59) Cennet Ve Ehl-i Cennetin Evsâfı
27 Haziran 2021
61) Mezheb
1 Temmuz 2021

RÜ’YETULLÂH

Hakk Teâlâ Hazretleri mekândan, cihetden, keyfiyetden münezzeh olduğu hâlde Zât-ı Pâk-ı Mukaddesesini ehl-i cennete gösterecekdir.

Ehl-i cennet cennetde, ehl-i cehennem cehennemde yerleşdikden sonra Cenâb-ı Ulûhiyyetden umûm ehl-i cennet (Firdevs)-i a’lâya da’vet olunub gâyet mükemmel bir zıyâfet keşîde (=çekilmiş, dizilmiş) buyurur son derece lezîz her dürlü taâmlar, şurublar yenüb içildikden sonra bir melek tarafından (Ey ehl-i cennet nezd-i samedânîde sizin içün va’d buyurulmuş gâyet büyük bir ni’met vardır şimdi anı incâz (=yerine getirme) etmek istiyoruz) diye nidâ olunur ehl-i cennet derler ki (O va’d buyurulmuş ni’met nedir Cenâb-ı Hakk mîzânda sevâbımız ağır kılmadı mı yüzlerimizi beyazlandırmadı mı cehennemden halâs eyleyüb bizi cennetine idhâl etmedi mi bunca niam-ı uzmâsına bizi müstağrak kılmadı mı?) Cenâb-ı Hakk tarafından buyurulur ki (Bugün bunların cümlesinden azîm bir ni’met daha ikrâm edeceğim) bunun üzerine Hakk Teâlâ tarafından ehl-i cennetin gözlerine başka bir kuvvet verilerek perde kaldırılur mekândan, cihetden, keyfiyetden münezzeh olduğu hâlde Zât-ı Pâk-ı İlâhiyyeyi cümle ehl-i cennet görüb hemân secdeye kapanurlar taraf-ı ilâhîden (Başınızı kaldırınız burası ibâdet mevzii değildir) buyurulur.

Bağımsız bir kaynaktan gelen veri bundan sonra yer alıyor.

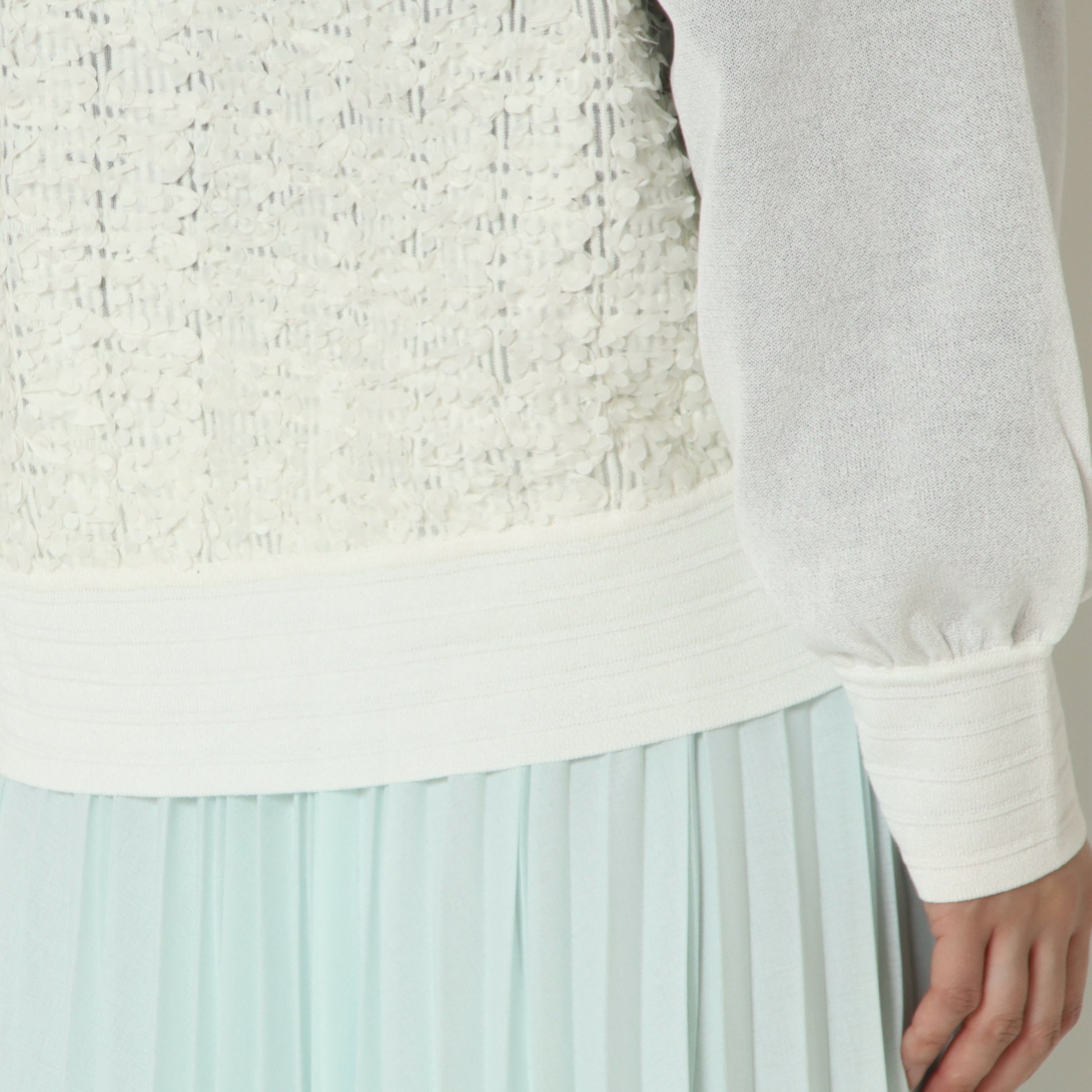 袖部分や裾にはシアー感のある軽やかなニット素材をドッキングしたメリハリのあるデザインです。

Ehl-i cennet bu ni’met-i uzmâya mazhar oldukları esnâda bundan evvel nâil oldukları her dürlü cennet ni’metlerini unudurlar ve ancak Zât-ı Pâk-ı Mukaddeseye nazar ile müstağrak olurlar çünki bu ni’met-i celîle bundan evvelki ni’metlerin cümlesinden daha lezzetli, daha sevgili gelür bundan sonra herkes kendi amel ve mertebesine göre (Zât-ı İlâhiyye)yi göreceklerdir kimi dâimâ kimi günde bir def’a kimi haftada bir def’a kimi de ancak bayram günleri göreceklerdir işte cennete girmekden gâyetü’l-gâye Hâlık Teâlâ Hazretleriyle mülâkât edüb Zât-ı Pâk-ı Samedâniyyesini müşâhede etmekdir.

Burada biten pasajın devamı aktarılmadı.